Commencement : lorsque je suis aux prises avec un bloc de marbre brut sorti
du torrent, lorsque je cherche patiemment à correspondre à cette
donnée, et qu’en taille directe, sans dessin préalable, j’en attaque la
matière, en m’accordant ainsi à sa forme et ses veinages… - lorsque ma main
a l’audace de répondre, de correspondre au sauvage d’une nature déjà là –
ma main venant au monde… Ce faisant, évidemment, je pèse le risque de louper,
de rater cet accord avec cette donnée précieuse de marbre.
Mais n’est-ce pas là une excellente école à ces
‘évènements essentiels… et si simples’ que sont nos échanges avec
autrui ? Et le risque n’est-il pas du même ordre qu’avec le bloc de marbre
brut ? Se louper dans cette correspondance – si ce n’est que la matière
marbre est inerte, alors que le visage et l’écoute et la réponse de l’autre
sont vivants, interpersonnels, en ‘Je’ et ‘Tu’ – et voilà la parole entrée
en échange.
‘Au commencement est la Parole’
, le début de l’évangile de Jean : ‘In principio erat Verbum‘ –
telle est la création de Dieu (reprenant les premiers mots de la Genèse) :
voilà l’échange et la conversation qui s’entament (de même que le marbre
prend forme sous les ciseaux du sculpteur), voilà la vie qui se met à
couler, en fraîcheur de source – et me reviennent les paroles de Yahvé par
Jérémie :
‘Ils m’ont abandonné, moi, la source d’eau vive, pour se creuser des
citernes - citernes lézardées qui ne tiennent pas l’eau’
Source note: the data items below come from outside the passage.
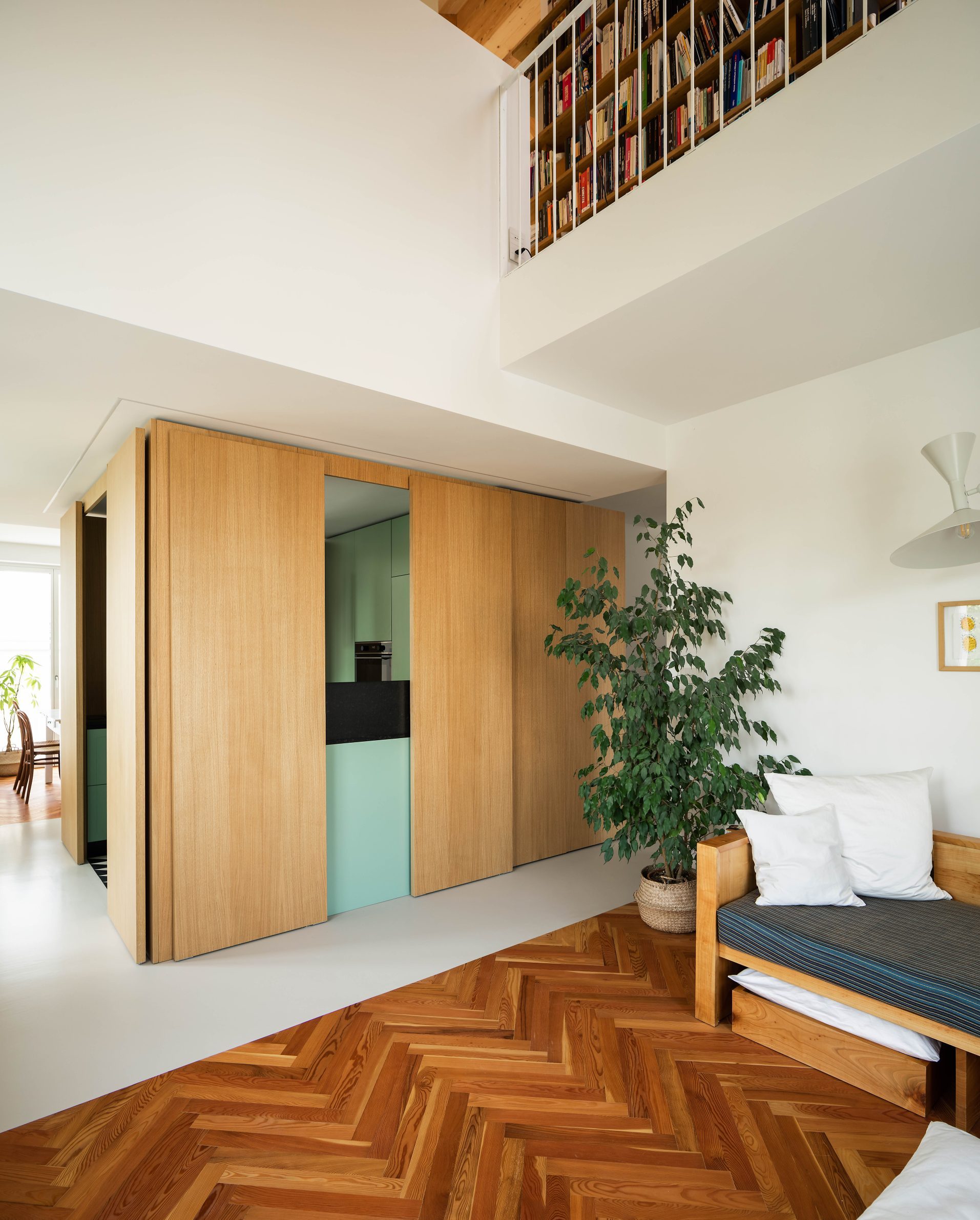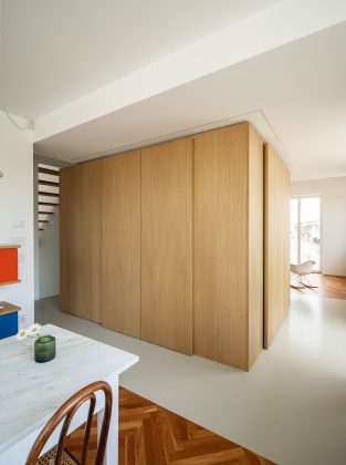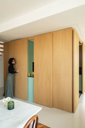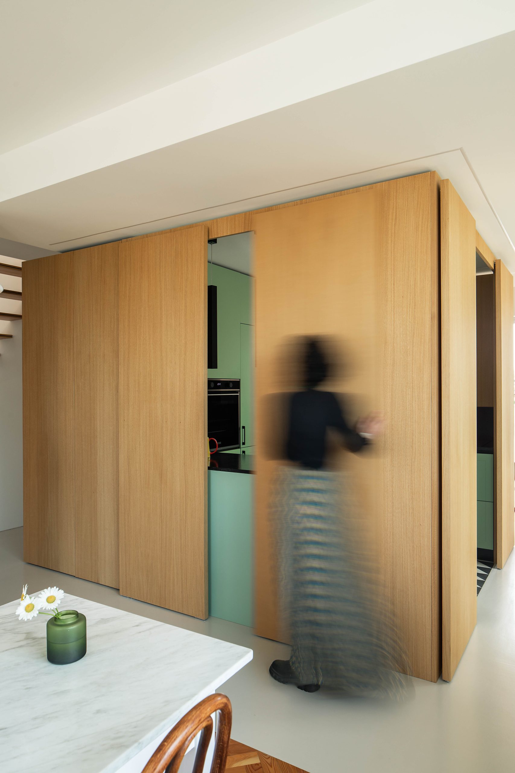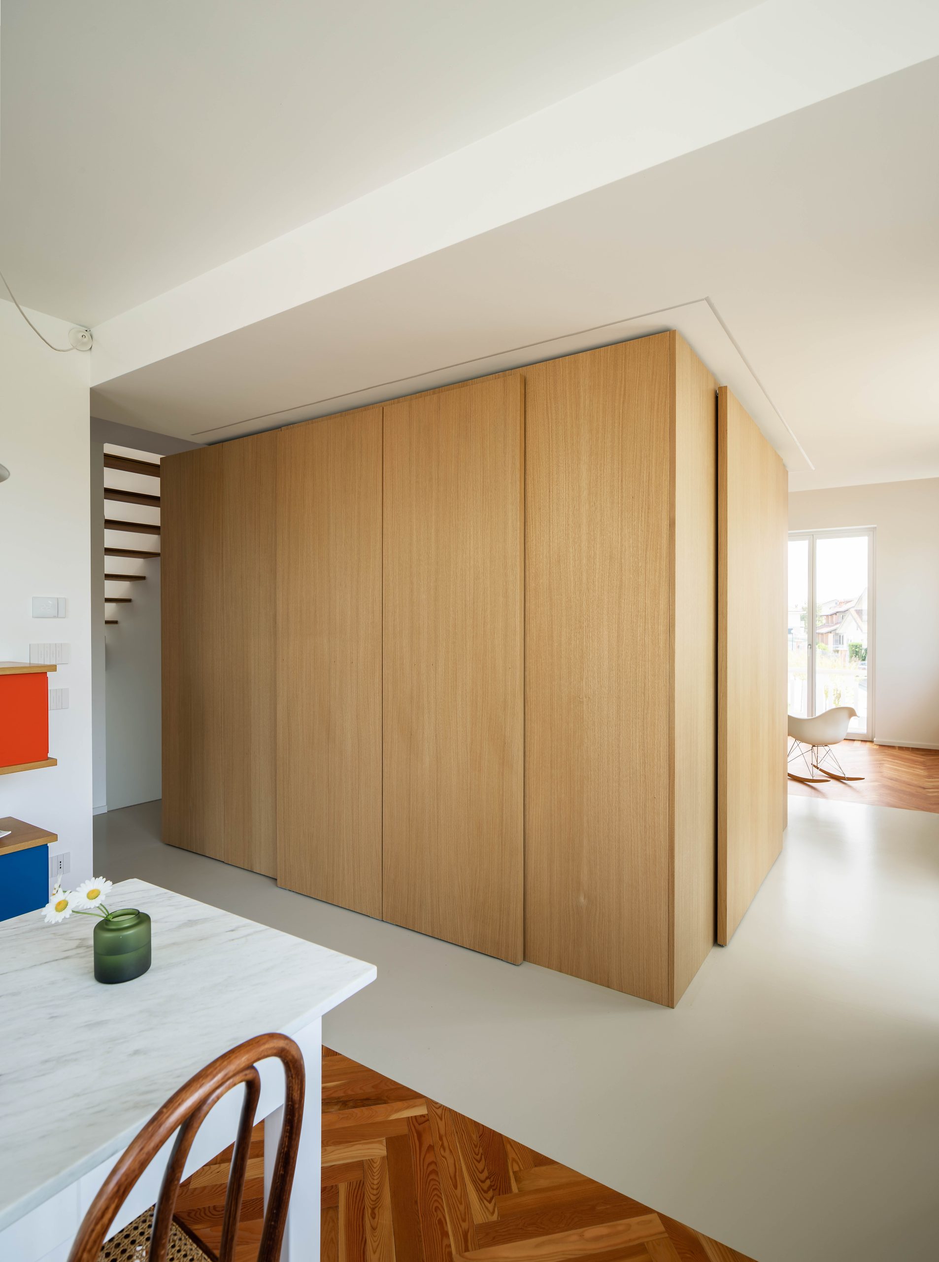 Un'idea originale e di forte resa estetica, dunque, quella di creare un blocco-cucina richiudibile e indipendente. "La cucina è un ambito funzionalmente separato dal resto del living, ed è richiudibile quando necessario", continua l'architetto Bosio. "Quando però le ante della scatola si aprono, l’effetto è quello di una cucina ad isola, strettamente in relazione con l'area pranzo da un lato e il soggiorno dall’altro". Posto esattamente al centro della zona giorno, il cubo che contiene la cucina è costituito da pareti e da ante scorrevoli che arrivano al soffino realizzate in legno di rovere; è circumnavigabile e rappresenta anche un elemento di partizione/connessione spaziale.
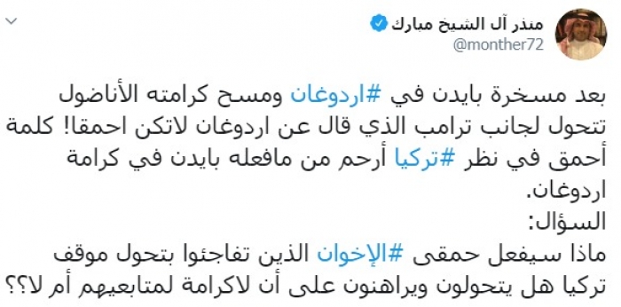 وكتب عبر تغريدة له على "تويتر" رصدها " المشهد العربي": "بعد مسخرة بايدن في أردوغان ومسح كرامته، الأناضول تتحول لجانب ترامب الذي قال عن أردوغان لاتكن أحمقا، كلمة أحمق في نظر تركيا أرحم من مافعله بايدن في كرامة اردوغان".
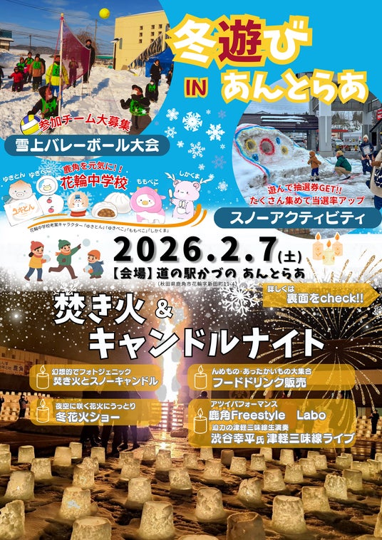秋田県鹿角市の地域DMOが運営する「道の駅かづの あんとらあ」にて、2026年2月7日(土)、冬の魅力を凝縮したイベント「冬遊び×焚き火&キャンドルナイト in 道の駅かづの あんとらあ」を開催いたします。
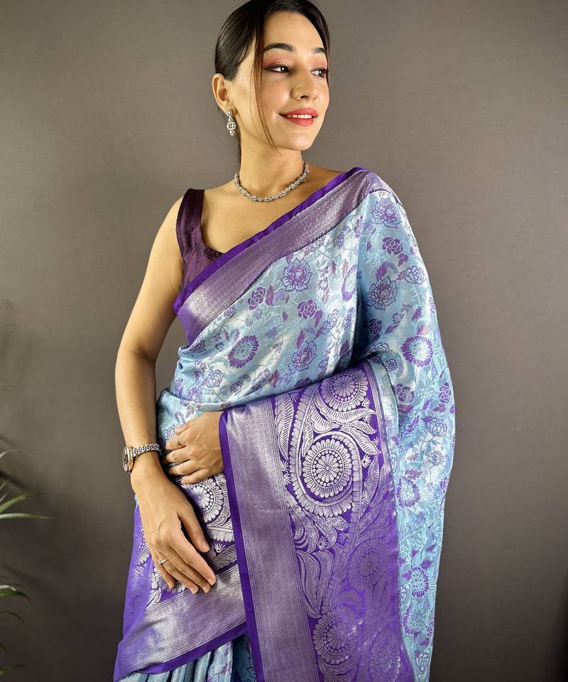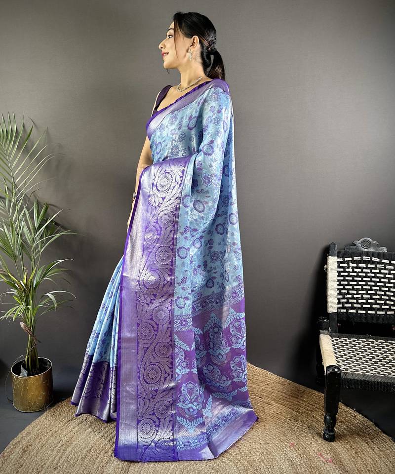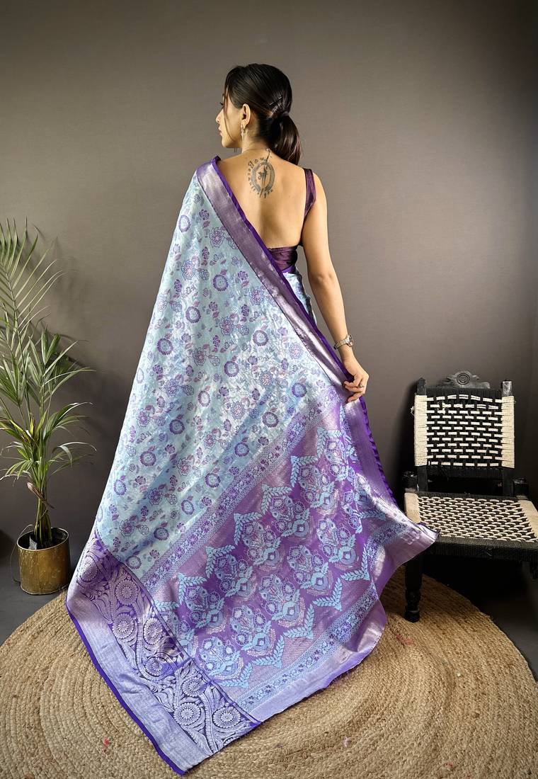 Sky blue floral, zari woven kanjivaram tissue silk saree with blouse
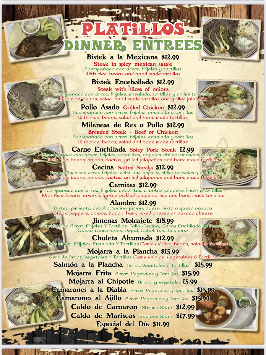 Salsa de cebolla, queso crema con cecina, carne de su preferencia, porción de frijoles. / Onion sauce, cream cheese with salted steak, meat of your choice and portion of beans.
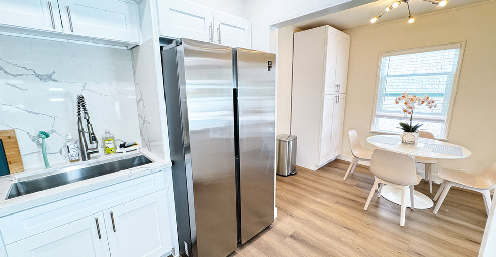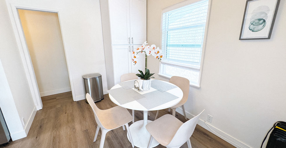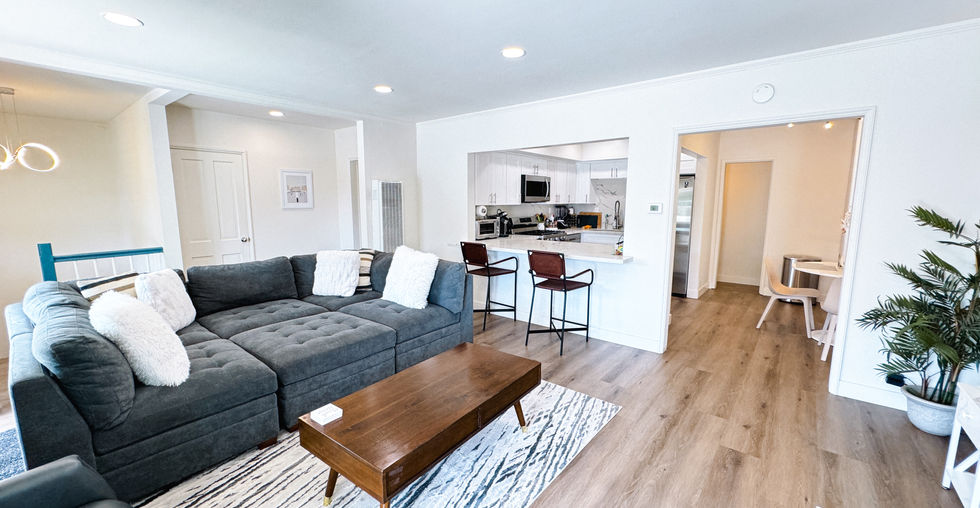 Welcome to this spacious 2-bedroom residence, with an additional office or den, situated less than one block from the beach! Located at 1505 Ocean Ave, this upper unit sits above garages and boasts a generous rooftop deck where you can enjoy the ocean breeze. Step inside to discover a fully remodeled and fully furnished home. The primary bedroom offers a king-size bed, a private renovated bathroom, and ample closet space. The living room is equipped with an oversized sectional sofa, an electric fireplace, and access to the outdoor deck through double doors. The remodeled kitchen features high-end stainless steel appliances, a breakfast bar, and a nearby dining area. Continuing down the hallway, you'll find a second updated bathroom, a bedroom with two twin beds, and a third room that can serve as a laundry room or office. On the ground floor, there is a charming entryway, additional storage for beach essentials, and access to the detached garage with two indoor parking spots and a third outdoor space behind the garage.
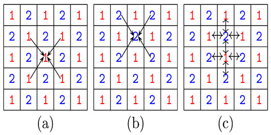 The game is iterated in a cellular automata (CA) manner, i.e., with uniform, local, and synchronous interactions. The arrows in the generic players in Figure 4 aim to make clear that the interactions are local, i.e., they involve only nearest neighbors. Thus, in the updating of prices steps (Figure 4a,b), both types of players scrutinize their NE–NW–SE–SW mate neighbors, whereas playing concerns (Figure 4c) the N–S–E–W partner neighbors.
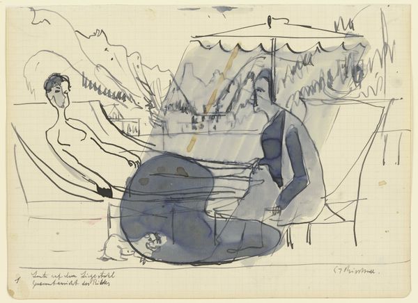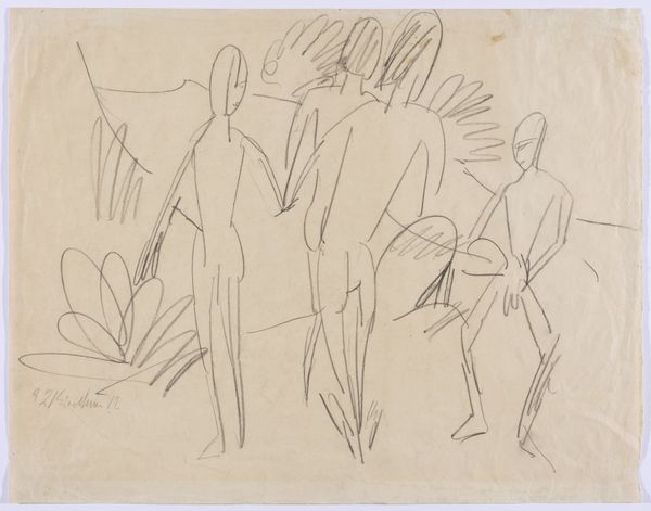 Curator: This is Ernst Ludwig Kirchner's "Archers," dating from around 1935, held here at the Städel Museum. It’s a compelling piece done in ink, pencil, and chalk. Editor: Immediately, I’m struck by the dynamism. The figures seem to surge across the page, despite the rather muted color palette. Curator: Indeed. The work's creation coincided with a period of increasing artistic and personal struggle for Kirchner. The Nazi regime had declared his work "degenerate," leading to the removal of his art from German museums and a ban on exhibiting. Editor: That tension bleeds into the frenetic energy of the piece. Look at how the ink outlines practically vibrate around the more solid chalk figures. There’s a real sense of unease and perhaps resistance. Curator: Precisely. His artistic circle and the landscapes of the Swiss Alps became essential to his survival. This work, featuring the theme of hunting and primal skills, could represent a turning inward, a finding of strength in an imagined, perhaps romanticized, past, amidst persecution. Editor: The composition guides the eye from left to right—from the more loosely sketched figures in the background to the foreground where the forms become dense. It almost feels like the piece visually breathes, inhaling and exhaling the drama of these figures engaged in their hunt. Curator: Also note the historical context for such figures in Kirchner’s work, his invocation of earlier modernist Primitivism or what he called his “hieroglyphs”, how his compositions created his unique visual style of conveying complex narratives of people and their cultures through form. Editor: This makes sense of the way we can decode these people and objects, and their interrelations: an analysis based on his construction of a unique artistic language. Curator: Yes, the political anxieties of the period infuse the scene with greater import and allow one to truly comprehend Kirchner's vision in this work. Editor: Ultimately, I think “Archers” resonates as an assertion of resilience. It offers a space of dynamic freedom crafted through deliberate formal strategies, that make this a compelling artwork by Kirchner.
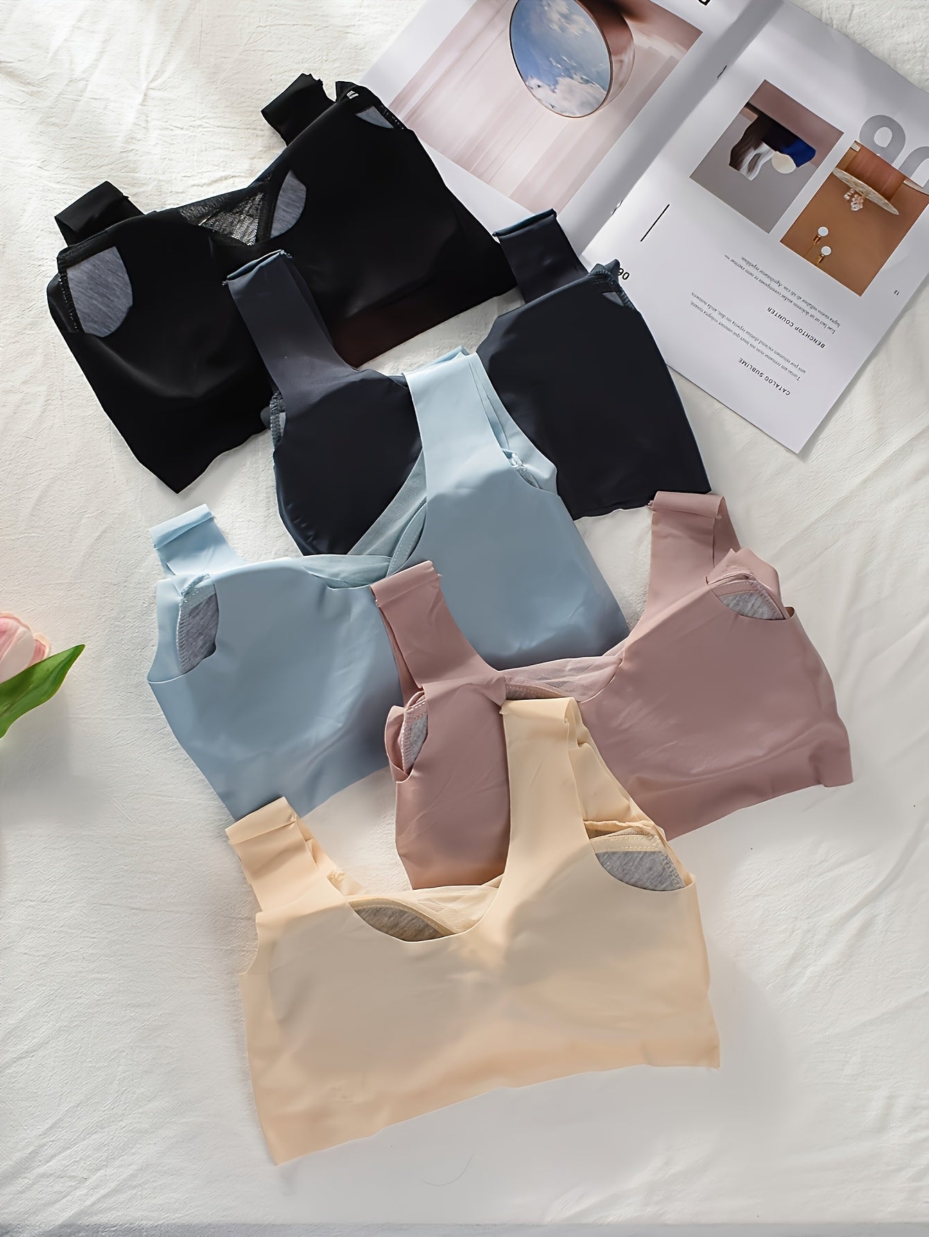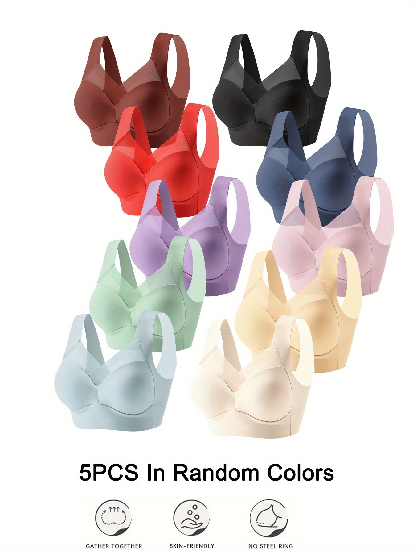 Women Yoga Bras 5 Pack Breathable Mesh Seamless V-Neck No Underwire

(Jer.2,13) – un leitmotiv de Jésus chez Jean.
Est-ce donc dire qu’ils seraient si simples les vrais commencements (comme
les évènements essentiels, comme les miracles faisant si peu de bruit) ? Si
ce n’est que, de même que les enfances, pour entrer ainsi en vie, ces
commencements sont à la merci de notre qualité de présence, notre qualité
de parole, de répondant en échange. Autrement dit, c’est nous qui faisons
œuvre de commencement dans nos vies – nous, en cette aptitude et sous cette
invitation de la vie à donner fraîcheur de source à chacune de nos
relations, et aller ainsi nos vies de commencement en commencement. Sans
cela tout reste banal et plat ; puisque c’est à nous de donner l’éclat de
la banalité de nos jours.
Il suffit d’être là, dans notre qualité de présence – de regard, d’écoute,
de parole, de correspondance, comme le sculpteur à son marbre : la création
de Dieu est livrée à notre merci.
On songe aux mots de Saint-Exupéry qui faisaient le 20 du mois d’avril : ‘
Nous avons connu, aux heures de miracle, une certaine qualité de
relations humaines, là est pour nous la vérité’.
‘Chaque jour peut être le début d’une nouvelle vie’.